A team of University of Utah biomedical engineering researchers led by associate professor Tara Deans has found a new way to control gene expression in bacteria using genetic parts from higher organisms. Before, synthetic biologists have typically moved genetic parts from bacteria up to eukaryotes like yeast and mammalian cells.
The ability to engineer bacteria has wide applications. In addition to producing therapeutic proteins, efforts are being made to engineer commensal bacteria – the bacteria that naturally live in humans – to treat digestive disorders, kidney disease, and even cancer.
In a paper published in Nature Communications this month, the U team demonstrated that genetic parts naturally found in yeast can be moved to bacteria to control the production of protein. Moving these genetic parts to bacteria enables the control of either extremely high levels of protein production or the ability to completely turn it off. Bacteria are often used to make high levels of protein, like insulin, for treating various diseases and disorders. Improving the production of therapeutic proteins will lower the cost of their production, which has the potential to make more medications accessible.
“We demonstrated that eukaryotic genetic parts can be used to reprogram bacteria with novel functions,” Deans said. “This opens the door for mining eukaryotes for new parts to function in bacteria that will expand the genetic toolbox for independently controlling genes in bacteria.”
In addition to Deans, the paper was co-authored by U biomedical engineering Ph.D. students Cody MacDonald, Jonathan Emmons and Shwan Javdan, and undergraduate student Travis Seamons (pictured above, left, with Deans). The Deans Lab for Applied Synthetic Biology focuses on building genetic tools, called synthetic gene circuits, to reprogram cells to perform useful functions.
Like most engineers, building new structures and devices involve assessing a toolbox of different parts and finding ways to put them together. More tools inside the toolbox increases the possibilities and complexities of new structures and devices.
“We demonstrate in our work that we can completely turn off the expression of a gene. This will be essential for engineering therapeutic commensal bacteria because it will be important to keep therapeutic proteins off until they are needed” said Seamons.
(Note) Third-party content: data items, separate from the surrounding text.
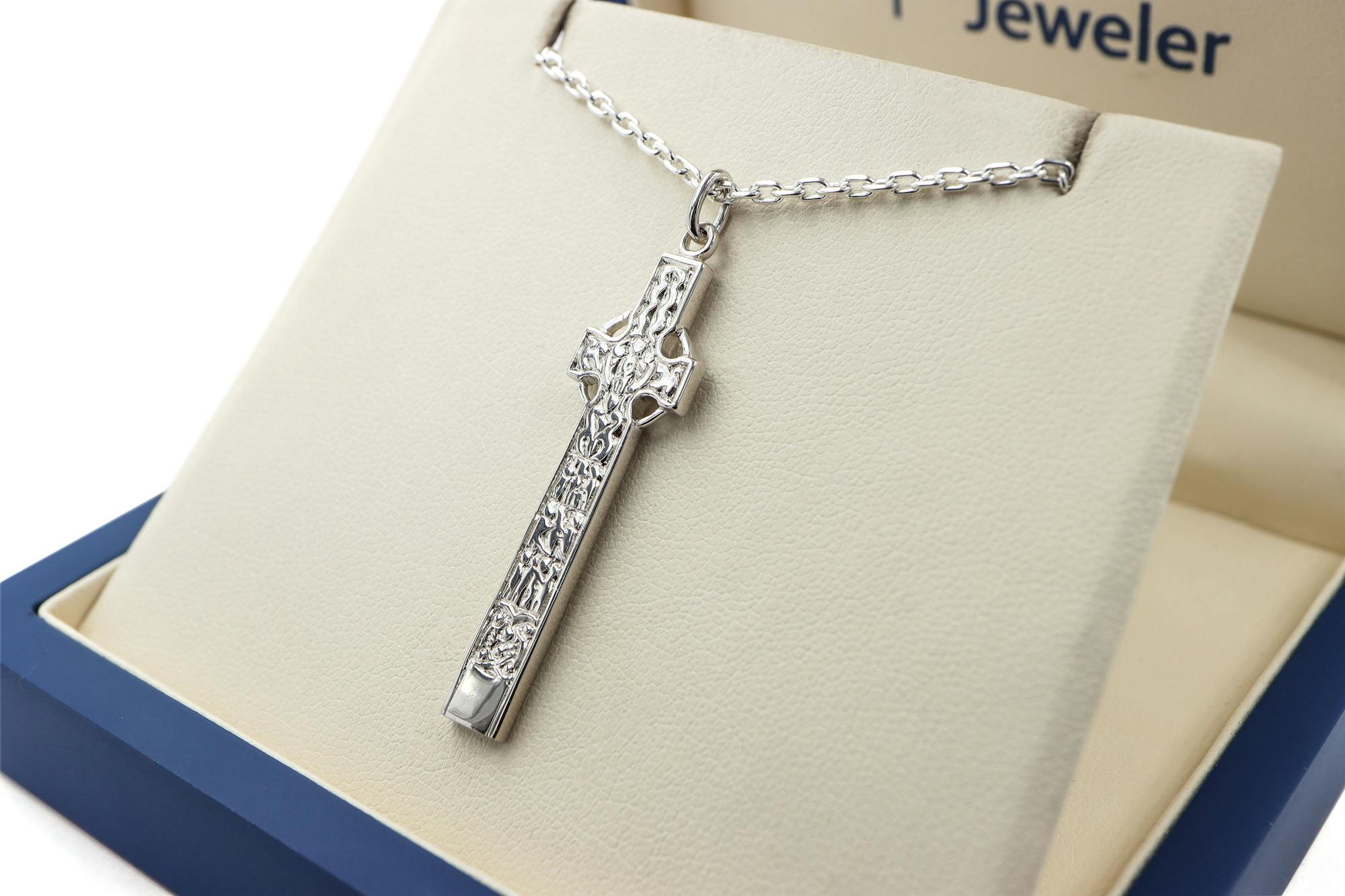 Your cross includes an 18" sterling silver cable chain. If you prefer something longer or chunkier choose from our handpicked selection of sterling silver chains that pair perfectly with this cross.
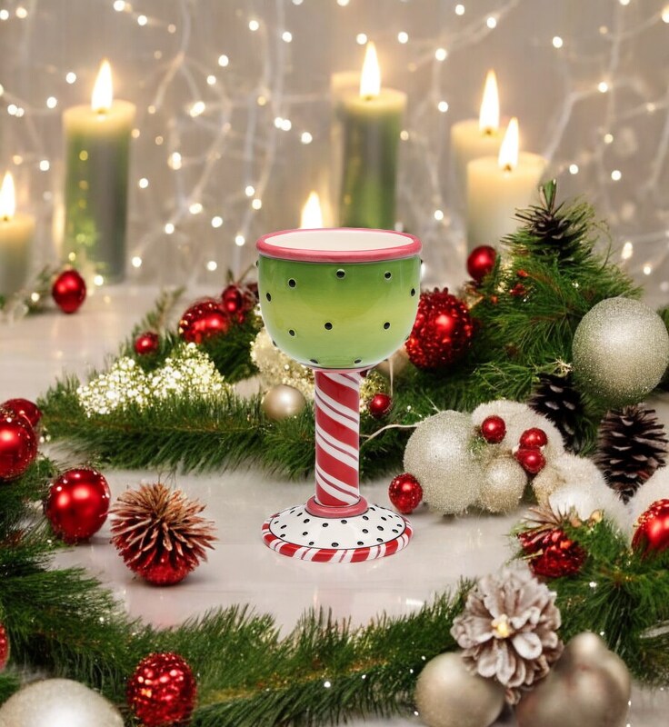Ceramic Short Goblet Cups (Set Of 2), Christmas Decor
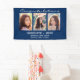 Dieses Abschluss-Banner zum Feiern Ihres Absolventen bietet eine Foto-Collage von drei Fotos auf einem königsblauen Hintergrund. Oben in der weißen Schrift liest es "Herzlichen Glückwunsch" und unter "Graduate 2021" mit Ihrem Namen und Schule zu personalisieren. Entworfen von der Künstlerin Susan Coffey
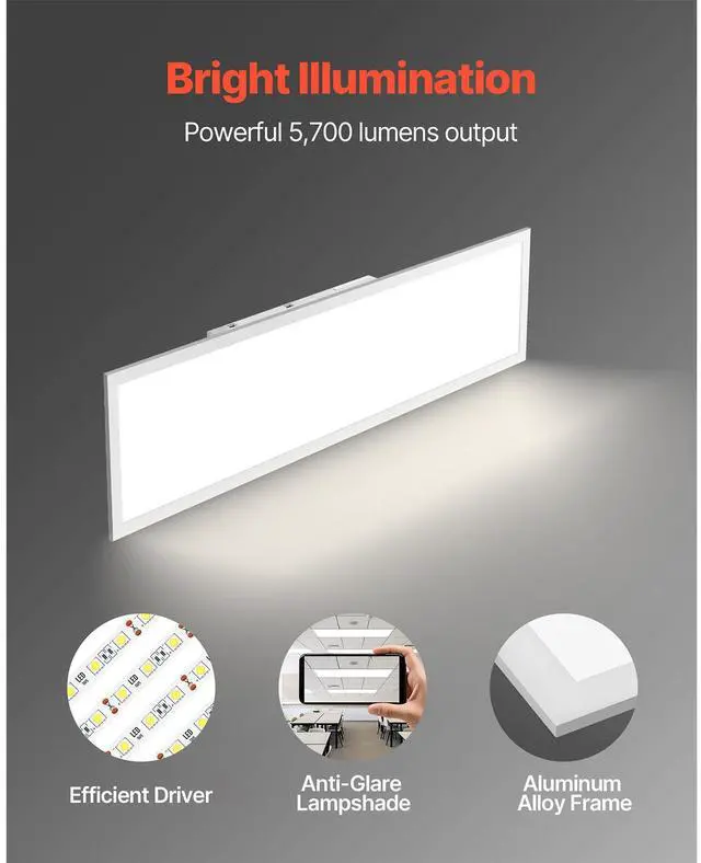 1x4 FT LED Flat Panel Light 5700LM Ceiling Light Fixture 3000K/4000K/5000K 2 PCS

“Working on this project has been an amazing honor,” he added. “I love going into the lab knowing that I might learn something no one else has ever known before. Our findings open the door to new strategies for engineering bacteria. I’m excited to continue working on this project and making new discoveries.”
In the paper, the authors investigate a number of genetic devices in bacteria using these new tools to control gene expression originally identified in yeast. These devices include sensors with a stronger output signal that can be used for diagnostics and a method to produce 30 to 40 times more mRNA and protein than current methods.
Messenger RNA, or mRNA, is a type of single-stranded RNA molecule that became the basis of the two leading vaccines used by Pfizer and Moderna in the fight against COVID-19. With the emergence of mRNA-based vaccines as a therapeutic intervention, it is possible that these new genetic tools can be used to produce high levels of mRNA and protein for various biotechnology applications.